Nobriga graduated from Boston College in 1999 with a BS in accounting. He returned to Hawaii and gained experience as a CPA at Russell Yamane & Associates on Maui, as a controller at HDCC, and as VP and director of technical services at Pacific Wireless Communications. “These experiences taught me the foundations of business, which allow me to contribute at an upper management level,” he says.
Robert Nobriga, brother to Ryan and CFO of American Savings Bank, says: “He is the type of person that if you tell him he cannot do something … watch what happens. But, he will not run people over or treat people badly to get it done. In business, he has excellent judgment and he is a good leader.”
As president of the Construction Financial Management Association Honolulu chapter and a finance committee member for the General Contractors Association, Ryan Nobriga helps guide Hawaii’s construction industry.
He also serves as treasurer for Marimed Foundation, which offers ocean and land-based experiences that empower youth and families. “I can identify with those kids … so (I look at) how do we provide the programs to give these kids opportunities?”
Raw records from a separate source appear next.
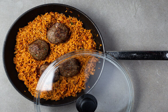 Ist die Sehnsucht groß nach Griechenland? Jaaaaaa! Wir schaffen kulinarische Abhilfe: Es gibt Rinderhackbällchen mit cremiger Fetafüllung und den typischen Salat aus Gurke, Tomate und Zwiebel, aromatisiert mit frischem Dill. Dazu servierst du Reis, der raffiniert mit einem Pesto aus getrockneten Tomaten und Oliven fein gemacht wird. Sind wir jetzt alle glücklich? Jaaaaaa!
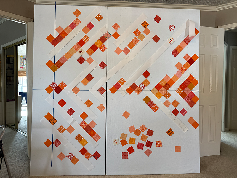 This is the Erica quilt by Kitchen Table Quilting. I’m so glad I have a design wall as setting blocks on point messes with my brain! 😂 Using strips of low-volume made this come together quickly.
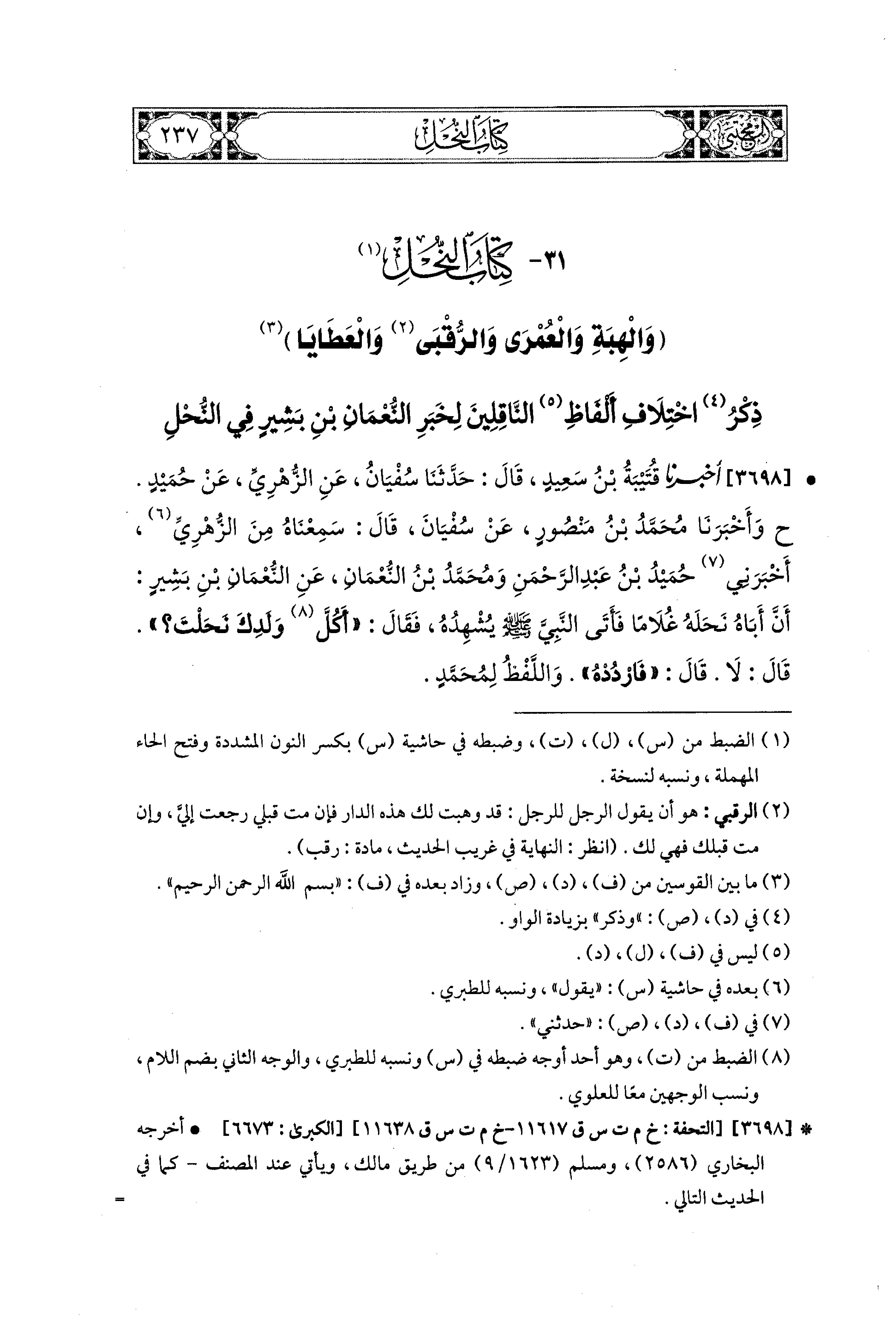 31 - كِتَابُ النُّحْلِ والهبة والعمرى والرقبى والعطايا.

Raised on Maui by a single mother, Nobriga navigated a challenging youth. “In the environment we grew up in,” says his brother, “he could have easily succumbed to the hurdles that were in front of him like many we knew did. Instead, he blasted through them by working hard, being resilient and focusing on the opportunities that could launch him forward in life.”
“The great thing about Hawaii is it’s the most beautiful place on the planet,” says Ryan Nobriga. “The challenging thing about Hawaii is growth is inevitable. As an individual, a local boy, Hawaiian, I think my role is in ensuring HDCC’s contributions are done in the right way.”